In recent years, it has generally been accepted by the diabetes community that “good” footwear prevents foot ulceration. Indeed, it is virtually an axiom of diabetes care that a patient with a history of foot ulcer is a footwear patient for life (1). Similarly, most health care professionals believe that “bad” footwear is a major cause of ulceration in diabetes and that in the past, the fact that most therapeutic footwear was perceived as “ugly” resulted in poor compliance when such footwear was prescribed (2). Where is the evidence to support these beliefs? The last two points are easier dealt with than the first.
There are studies that support the belief that bad or inappropriate footwear causes ulceration. Apelqvist et al. (3) identified shoes as the precipitating cause in the majority of toe ulcers and a significant minority of lesions elsewhere on the foot. In another European study (4), footwear was implicated as being contributory to 21% of all ulcers in a large series.
As we identified in an editorial (5) on the same subject 3 years ago, compliance with regular wearing of the footwear is a major problem. In our U.K. center, when provided with therapeutic footwear free of charge, only 22% of patients admitted that they regularly wore the shoes (2). Similar problems have been reported in the U.S. (6).
It is unclear whether a patient’s perception of such footwear as being “ugly” or cosmetically unattractive is a major contributory factor to this nonadherence behavior. Another factor may be the patient’s belief that the home environment is safe; in a study using continuous activity monitoring, Armstrong et al. (7) reported that “high-risk” patients were much less likely to wear their prescribed footwear when at home than when outside. As such patients are more active when in the home (7), this nonadherence may well be important in the causation of ulcers. The same authors (8) recently confirmed that even patients with active foot ulcers do not regularly wear removable cast walkers when advised to do so.
In the current issue of Diabetes Care, Maciejewski et al. (9) attempt to answer the first point in a structured literature review; that is, can therapeutic footwear prevent the occurrence of ulceration? As no studies have assessed footwear in the primary prevention of ulcers (1), Maciejewski et al. review those reports on the prevention of ulcer recurrence. They identified nine studies from a Medline search and determined that in six of them, footwear was a primary intervention, and in three, it was part of a multifactorial intervention. Each study was rated according to the study design and internal consistency. They conclude in this review that although protective benefit was found, a number of these studies may have been influenced by design issues.
It is perhaps a little unfortunate that the only study that was assigned a study design rating of 1 was by the same authors as those who conducted the review (10). However, having reviewed all of the works, we would entirely agree that the study of Reiber et al. (10) was carefully and appropriately designed and thus warranted a level 1 rating. This study could find no benefits of therapeutic footwear over the patients’ own shoes. In an exchange of correspondence in the literature following the publication of this trial (11–13), surprise was expressed that >40% of patients with an ulcer history had normal peripheral sensation. Moreover, the definition of an ulcer as a lesion that did not heal within 30 days was also a point of discussion. In their reply, Reiber et al. (13) reported that a subset analysis of those patients with sensory loss similarly showed no benefit of therapeutic shoes.
Where does this discussion position us with regard to specialist footwear in 2004? Some years ago, Janisse (14) reviewed “the art and science of footwear design”—at that time it was more art than science. More than 10 years later, the words of Jeffcoate and Harding (15) suggest that little has changed when they concluded about diabetic foot care in general that “clinical practice is based more on opinion than scientific fact.”

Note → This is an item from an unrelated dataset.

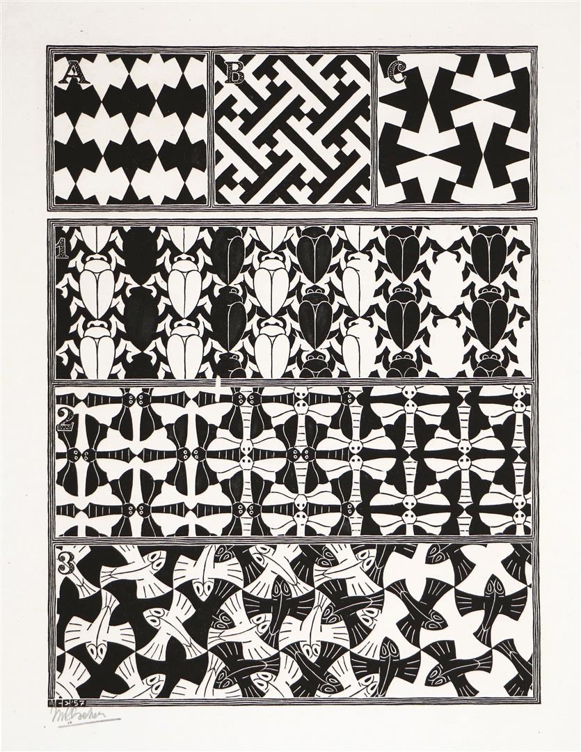 Estimate: € 3000 – 4000Lot 384:'Regular division of the plane II', signed l.l., 1957, woodcut. Printed by the Eenhoorn Pers on Eenhoorn Pers paper with the Eenhoorn Pers blind stamp. Version in black/white.

There can be little doubt that there is an urgent need for well-designed studies of footwear in both the primary as well as the secondary prevention of neuropathic foot ulceration. Evidence from the literature as reviewed briefly above and by Maciejewski et al. (9) in this issue remains equivocal. Surely, in the 21st century we should be moving toward computer-aided design and manufacture of footwear. In addition, as recently demonstrated (7,8), modern technology now permits the accurate assessment of compliance with footwear provision, which could potentially remove another confounding variable in such studies.
Whereas bad shoes cause ulcers and “ugly” shoes are likely to remain in the closet, a major effort is required to demonstrate that good shoes do actually benefit our high-risk patients.